One part of the ceremony became a running joke with my mom and aunts, though, and the more I think about it, the more I think it’s actually not that funny. During the wedding, the minister told the new couple that “married life is a paradise,” which made my mom and I chuckle quietly in the church. After the ceremony, we said “Oh sure, paradise! Wait til you have kids, it’s even more idyllic!” We all giggled, but it stuck with me.
I am happily married. Like, literally no complaints. I think Paul and I have a good thing going, and it’s because we both work hard to keep ourselves and each other happy. We have social lives, we communicate, we have sex, we argue, we laugh. We have good kids that are healthy and funny and adorable. We have a roof over our heads and food on the table and enough left over to take an occasional vacation.
But paradise? No. It’s not paradise. Because it’s not supposed to be.
The actual literal definition of paradise includes words like “bliss” and “extreme beauty.” When I picture paradise, I picture white sands and blue ocean. And someone waiting on me hand and foot.

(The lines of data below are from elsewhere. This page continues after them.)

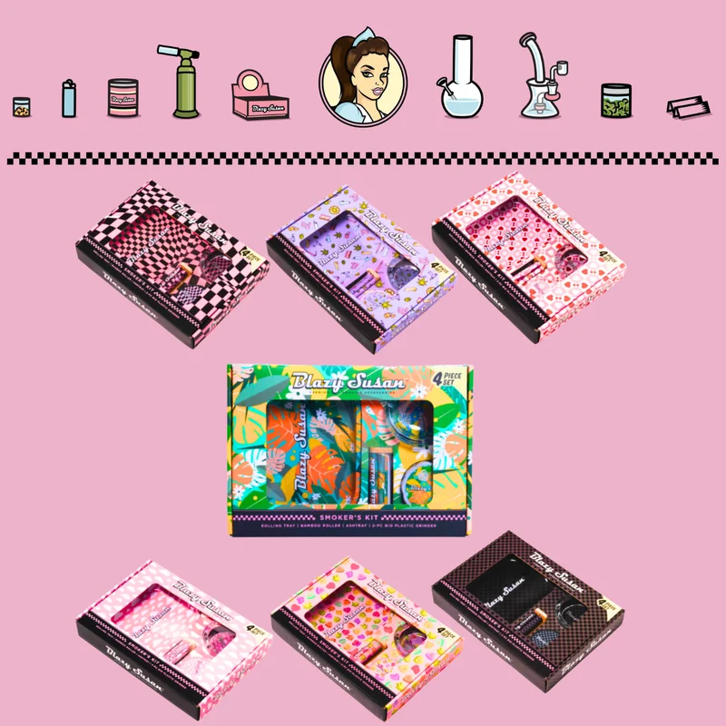 BLAZY SUSAN SMOKER’S KIT ALL IN ONE ROLLING & SMOKING ESSENTIALS SET The Blazy Smoker’s Kit is a stylish, portable solution for smokers who want everything in one convenient box. Designed for versatility and functionality, this premium kit includes all the tools needed to grind, roll, and enjoy a smooth session—whether you’re at home, traveling, or gifting a fellow enthusiast. Each component is crafted for durability and ease of use, making it a must-have for smoke shops, gift retailers, and
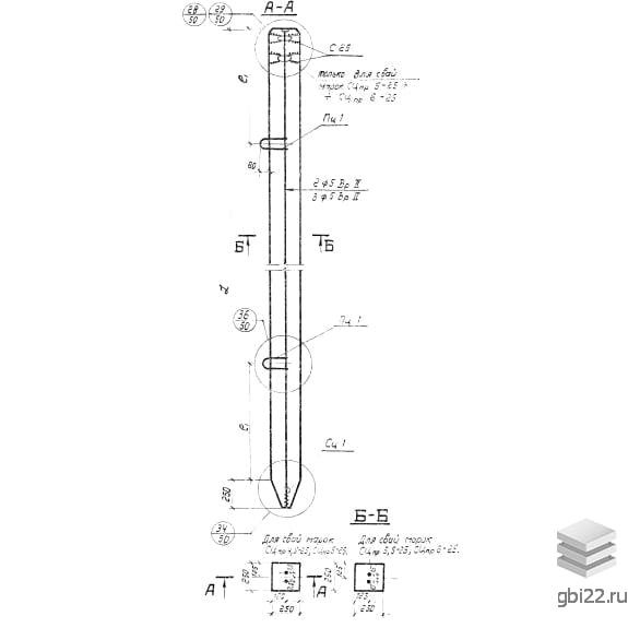 Высокую прочность изделиям придает армирование продольной арматуры, которая расположена в центре сечения железобетонных свай. В качестве арматуры используется сталь класса A-IV, проволока класса Bp-II по ГОСТ 8480-63, а также семипроволочные пряди класса П-7. Сетка и спираль в верхней части элемента выполнены из проволоки класса B-I по ГОСТ 6727-53.
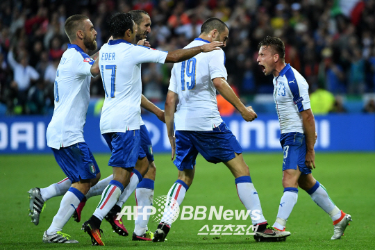 프랑스에서 진행되고 있는 유로2016. 가장 수준 높은 대회로 일컬어진다. 세계 최고의 선수들이 다양한 전술 속에 멋지게 조화된 춤사위를 선보이는 무대다. 출사표를 던진 24개 팀. 약체는 없다. 매 경기가 빅매치다. 그 중에서도 가장 눈길을 끄는 경기가 있었다. 14일(한국시각) 프랑스 리옹의 스타드드리옹에서 열린 이탈리아와 벨기에의 대회 조별리그 E조 1차전. 경기 전 벨기에의 승리가 조심스레 점쳐졌다. 로멜루 루카쿠(23·에버턴), 에덴 아자르(25·첼시), 케빈 더 브라이너(25·맨시티)로 구성된 공격 삼각편대의 화끈한 화력이 높은 점수를 받았다. 반대로 이탈리아는 핵심 전력 전반적이 노쇠했다는 부정적 평가가 지배적이었다. 조르지오 키엘리니(32), 레오나르도 보누치(29), 안드레아 바르잘리(35·이상 유벤투스)로 구성된 이탈리아의 스리백 평균 연령은 32세다.
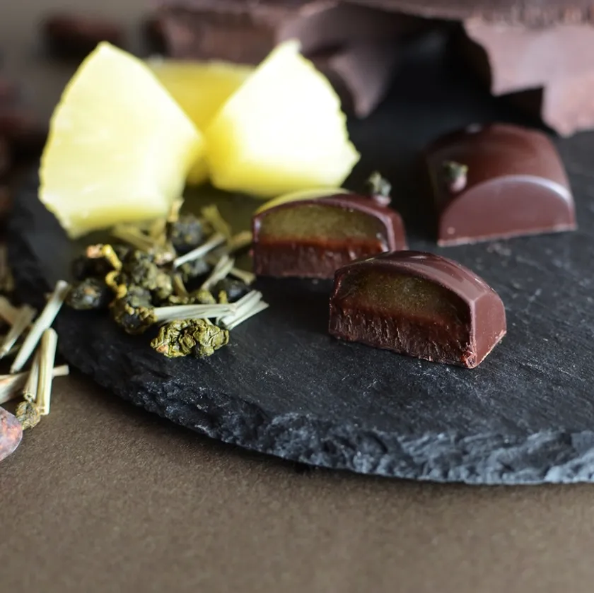 パイナップルをベースにしたジャスミン茶と東ティモールレモングラスのガナッシュ。味わいの変化が楽しめるフローラルでフルーティーな仕上がり。
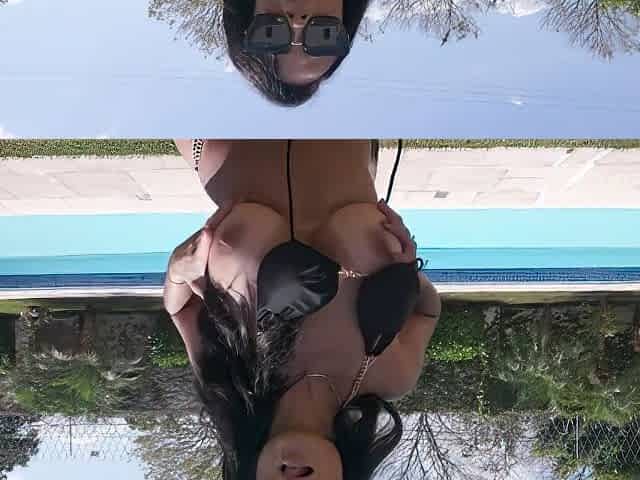 Ebony chick with sexy tan lines Grazy Moreno is licked near the pool
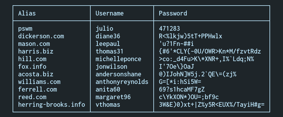 pswm <alias> <user> <password> - Store a username and a password.
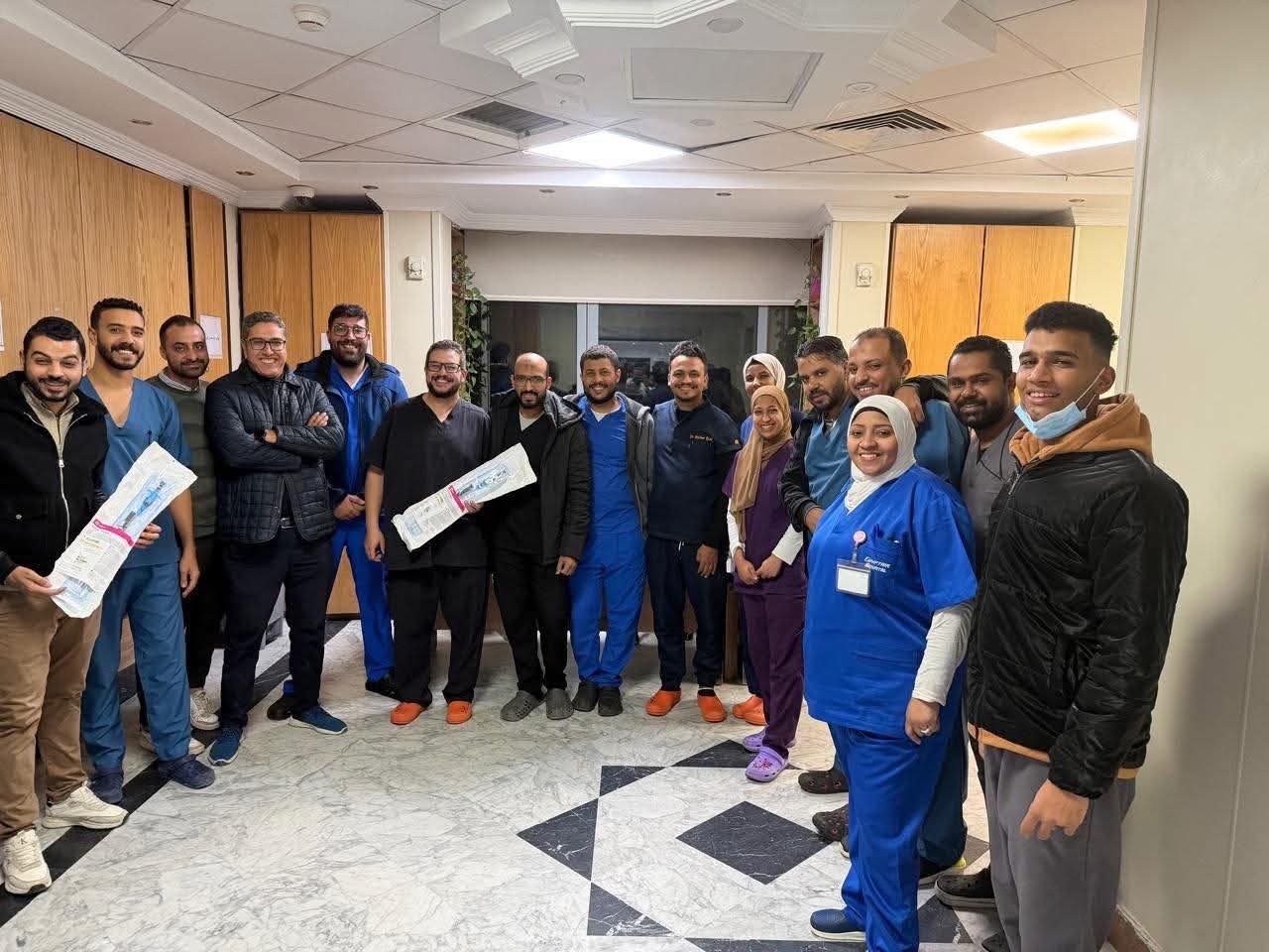 تم نجاح العملية بالتعاون بين أقسام المستشفى، فريق جراحة الأوعية الدموية، فريق التخدير، فريق القلب، فريق القسطرة الطرفية وفريق الرعاية المركزة.
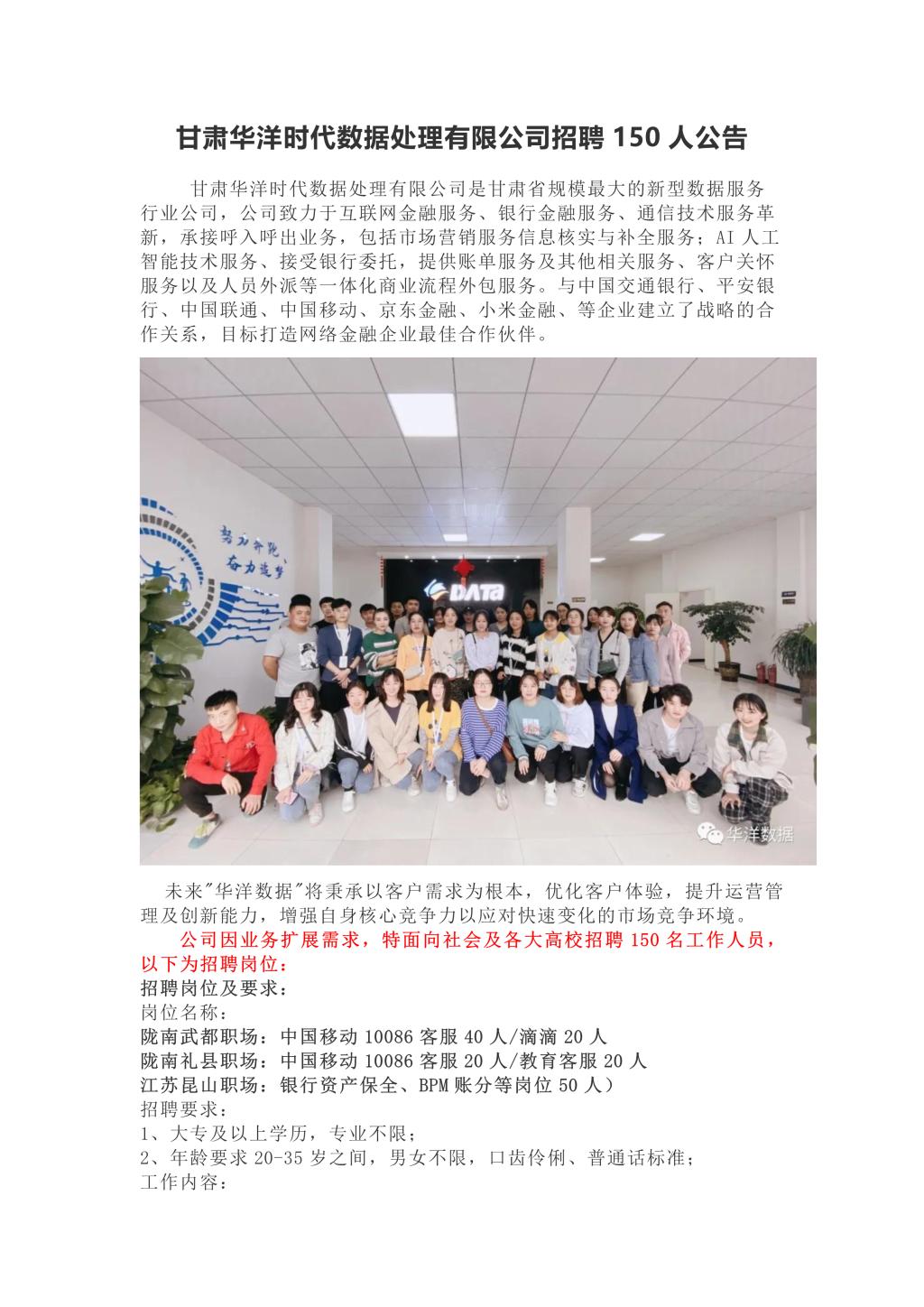 甘肃华洋时代数据处理有限公司招聘公告

In other words, a vacation. Not reality.
So doesn’t it do couples a real disservice to start them off on literally their first MOMENT of married life by telling them “Welcome to paradise!”? Because married life ISN’T vacation. It’s real life. It’s the trenches. It’s the monotony. It’s commitment when you want to leave. It’s putting in effort when you don’t feel like it. It’s budgeting and planning and choosing. Of course, it’s romance and fun and memories too but even THAT isn’t paradise.
And that is ok. That is fine. That is not what it’s meant to be. But if you are told from the get-go by the man whose sole function is to make your marriage official that you are entering paradise, aren’t you kind of being set up for failure?
Now, I know that a wedding is all about pomp and circumstance, so standing up there in your beautiful gown and your tux and having some man say “Welcome to marriage, where you will spend the next 50 years discussing toilet paper choices and whose job it is to take the trash out” wouldn’t exactly up your reception head count. And we should celebrate the romance of it all. You are there because you LOVE each other ultimately, so that should be celebrated, not watered down.
So I dunno. Maybe kicking off married life with the image of paradise is the right thing to do. Maybe it’s the ultimate in optimism and hope. But maybe instead of calling it something it’s not, people can start off their marriages with real expectations that don’t lead to disappointment. Isn’t that what Pinterest is for?